Aiyana sembrava essersi calmata. Fece scivolare la sua mano fino a sfiorare quella della nonna. Le sorrise. Quel sorriso era oro. Se solo si fosse guardata allo specchio, si sarebbe innamorata di se stessa, perché il segreto dell’eterna bellezza è nel coraggio di essere felici.

Un libro all’insegna dell’amore, inteso come forma estrema di se. Non si ferma davanti a nulla, un vortice di sensazioni che non può essere fermato dal pregiudizio e la cattiveria che sfocia in omofobia, ripresa sia da persone vicine a noi che lontane. Dobbiamo capire che le persone devono essere lasciate libere di vivere tutto, nel bene e nel male, senza ostacolare o privare di nessun tipo di contatto o sentimento. Noi non siamo nessuno per decidere cosa deve fare una persona della propria vita. Nemmeno strapparli la vita.
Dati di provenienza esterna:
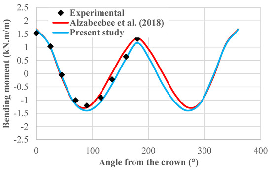 Figure 4 compares the results of the bending moment developed in the concrete pipe wall obtained from the present study and the experimental results of MacDougall [43]. The figure also reports the results of the same problem obtained by Alzabeebee et al. [27], who used the same problem to validate the results of Midas GTX/NX software package. By looking at Figure 4, it can be noticed that there is a good agreement between the results obtained from the present study and the full-scale test results. In addition, the obtained results are also in good agreement with the results of the numerical model of Alzabeebee et al. [27]. Therefore, it is obvious that the model developed in the present study is capable of capturing the observed behavior. Thus, these results give certainty in the methodology adopted in this study.
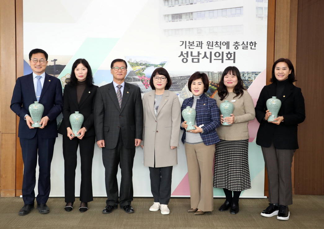 성남시의회에서는 의정연구발전 분야에 서은경 의원, 지역경제활성화 분야에 정연화 의원, 의정활동개선 분야에 박종각 의원, 의정활동 분야에 박명순 의원이 주민을 위한 의정활동 공로를 인정받아 수상의 영예를 안았다.

Un inno alla vita vissuta senza pregiudizi, urlando al mondo cosa desideriamo veramente. Una scrittura molto sofferta ma sentita, dall’emozioni tangibili e dalla storia vissuta in ogni singola pagina. Sono rimasta piacevolmente colpita dalla capacità di Elia, ragazzo estremamente giovane, di esprimere tali stati d’animo in maniera cristallina strappandoti dalla realtà e dimostrando cosa vuol dire vivere intensamente.

Consiglio molto questo libro, come tutto il percorso svolto da Elia, vi invito a visitare il suo shop e condividere tutti insieme un messaggio ben preciso.

Sostenere la diversità perché è la normalità. Kevin Ruiz.